I arrive at the King and Prince just a few minutes late and sneak into the welcome reception, hoping nobody will notice my tardiness. I wanted to check into my room and freshen up before our scheduled trolley tour, but those plans will have to wait until after the tour. A few welcome cocktails calm my nerves from the four-hour drive and prepare me to embrace island life over the next three days.
I stare up at one of the live oak trees that shade the front lawn of the Christ Church Frederica and experience a Zen like moment. This church is way more than its nineteenth century bones. It was on this spot that John Wesley had his epiphany and wrote the letter outlining the principals that birthed the Methodist Church. I pay a silent homage to the founder of the church both my wife and I grew up in.
The second stop on our trolley tour is Fort Frederica. Little is left of this once massive fort except for the foundations of buildings and outlines of roads. Yet, those stones serve as a chilly reminder of St Simons Island’s pivotal role in the history of our country. Ft Frederica is where the Battle of Bloody Marsh was fought between British and Spanish forces. Through the brave efforts of the Ft Frederica’s troops, Georgia remained a British colony.
I’m back in St Simons’ crawling traffic, headed to the drug store to pick up a few items I forgot at home. Of course, I didn’t realize I forgot those items until the last possible moment. Once again, I’m cutting the clock close as I try to embrace island time while fighting the push of city time. My sunroof is open. A few leaves fall in. I let it go.
I experience another Zen-like moment. This time over the shrimp and grits – a recipe I’ve been attempting to perfect since moving to the South ten years ago. As simple as they sound, my grits never quite turn out right. Chef de Cuisine James Flack of King and Prince’s ECHO restaurant reveals the secret of cooking grits in his live demonstration. I, as his eager student, take thorough notes, ready to replicate the process at home. The secret is to cook them low and slow. The secret is also to use only the freshest shrimp. In the case of ECHO, sweet Macintosh shrimp caught in the waters off St Simons Island.
Day 2 – 72 Hours in St Simons Island
I want to throw my pillow across the room. Why oh why can’t my internal alarm clock allow me to sleep in! I have three baby-free nights of un-interrupted sleep ahead of me, perfect for refilling my sleep deprived tanks, and yet, I’m still up before the sun. I shower, pour a cup of coffee, and open the curtains on my balcony to morning’s first light on the Atlantic Ocean. The colors of the ocean and sky come alive. I forget that moments earlier I’d rather be sleeping.

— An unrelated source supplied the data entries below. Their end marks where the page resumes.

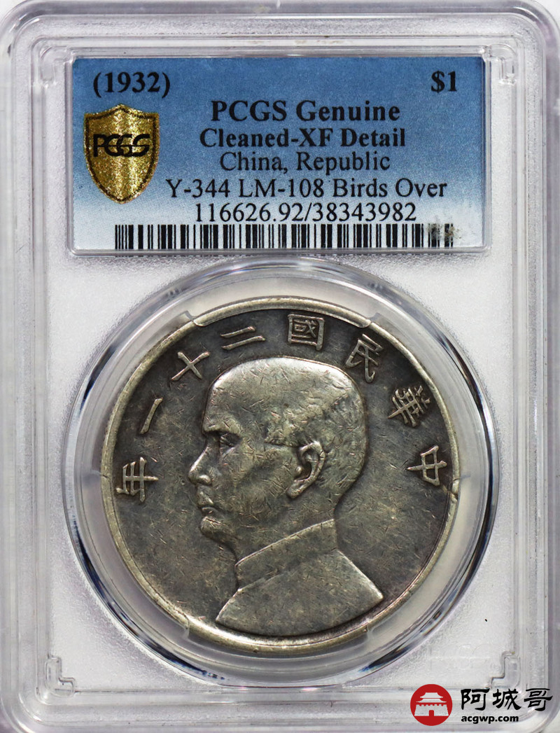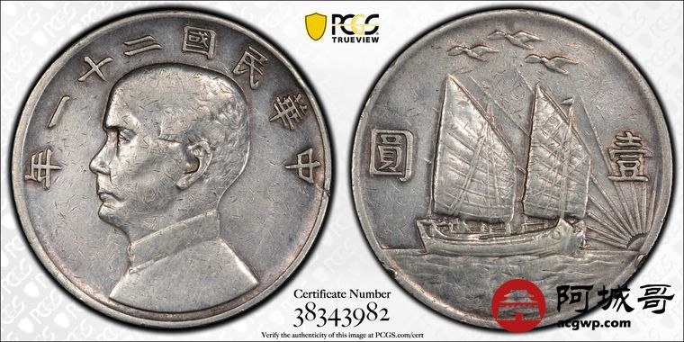 Lot:12 原味 民国21年三鸟 船洋 壹元 PCGS XF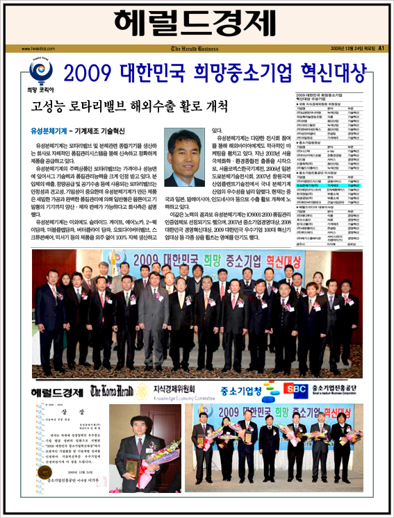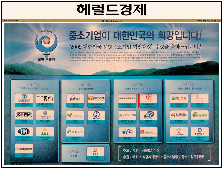 2009 대한민국 희망중소기업 혁신 대상 수상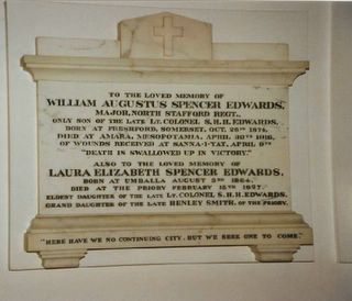TO THE LOVED MEMORY OF/ WILLIAM AUGUSTUS SPENCER EDWARDS/ MAJOR NORTH STAFFORD REGT/ ONLY SON OF THE LATE LT COLONEL S H H EDWARDS/ BORN AT FRESHFORD SOMERSET, OCT 26TH 1874/ DIED AT AMARA MESOPOTAMIA, APRIL 30TH 1916/ OF WOUNDS RECEIVED AT SANNA-I-YAT, APRIL 9TH/ "DEATH IS SWALLOWED UP IN VICTORY"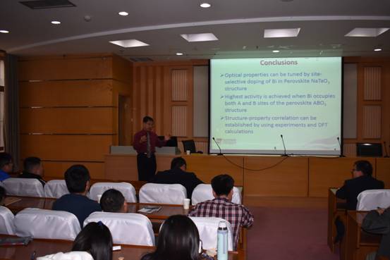 报告会上,Chen Zhong教授介绍了光催化技术的概念和相关知识以及光催化技术的研究进展,详细介绍了利用受控掺杂实现NaTaO3进行光催化的技术,并进一步介绍了NaTaO3光催化的优点和现阶段的研究进展。会后在座的老师们和同学们针对光催化的问题与Chen Zhong教授展开了讨论。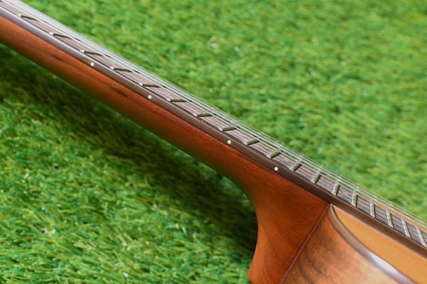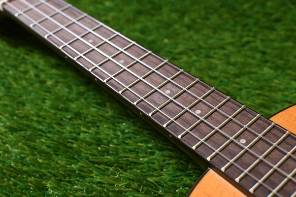 ナチュラルなサテンフィニッシュは薄く手触りも良く、音質、演奏性ともにウクレレ本来の特徴を損なうことなく仕上げられています。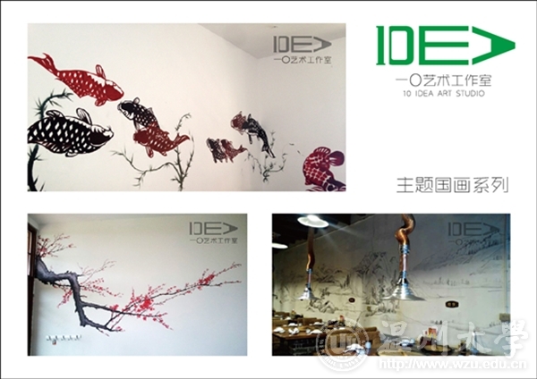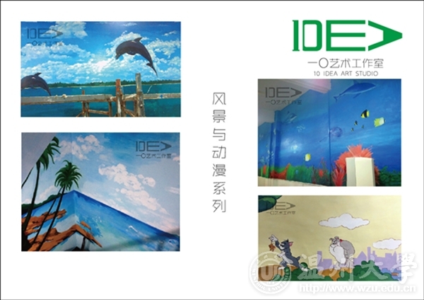 团队名称:一〇艺术工作室 负责人:吕舒宁 联系电话:18367810822 工作室简介 “一〇”艺术工作室成立于2013年,由万象城awc888油画、国画以及环艺专业的几位热血青年组成。以墙绘艺术创作,定做油画、国画为核心。秉承“一”是最简单的开始,“〇”是无限大的创意。我们只为用色彩点亮客户的艺术生活,为此我们以初心——永不止步。 工作室成员 吕舒宁、蒋成杰、郭龙、朱雄辉、陈情、林瑞恬、黄磊、顾天成、陈伟伟 经营业务范围 1.油画国画风景、人物类定做 2.室内室外墙体艺术彩绘 3.绘画作品临摹临摹(包括油画、国画、书法等) 4.平面设计 作品展示 创业感想 我们是大学生中的沧海一粟,我们曾彷徨,为不定的未来着急。绘画从来都是高贵的玩具,年轻的我们还拿不起。某个契机,看到了专业的缩影——墙绘。我们是专业的画手,我们有最新颖的想法,我们愿用热血呈现精彩的视觉享受。 细看生活不难发现随着经济的发展,人们开始追求上层建筑的享受,而绘画艺术必将广泛的进入我们的生活,已经成为一种生活的方式。我们知道翅膀硬的老鹰才能飞的更高,所以我们将明确目标,实事求是,执着追求,最终可以让所有人的生活变得更加美好。

This very well could be the best breakfast I’ve ever eaten – crab cakes benedict, fresh coffee, and a Bloody Mary made from locally produced Old 4th Distillery Vodka and Savannah Bloody Mary mix. The freshness of the seafood – in this case blue fin crab caught off the coast of St Simons Island – completes the meal. Others on the tour daintily pick at theirs, still full from last night’s Taste of Georgia Feast. I lick my plate clean. Tomorrow, I’ll be enjoying the sunrise with a walk on the beach instead of the perch on my balcony. I have to counter-balance all these calories somehow.
We line up to board the Rudee Explorer, operated by the same company as yesterday’s Lighthouse Trolley, for a dolphin cruise. The waters of St Simons Island are said to be home to the largest population of dolphins, sharks, and whales on the East Coast. I’m guaranteed we’ll spot a dolphin. I stand at the ready the entire time with my camera in hand. I’ve never been on a dolphin cruise nor have I seen one in the wild. Well, there was that time on Sanibel Island when my Dad claimed one was following us on our morning beach walk. Given that I’m legally blind, I couldn’t see far enough to witness them myself.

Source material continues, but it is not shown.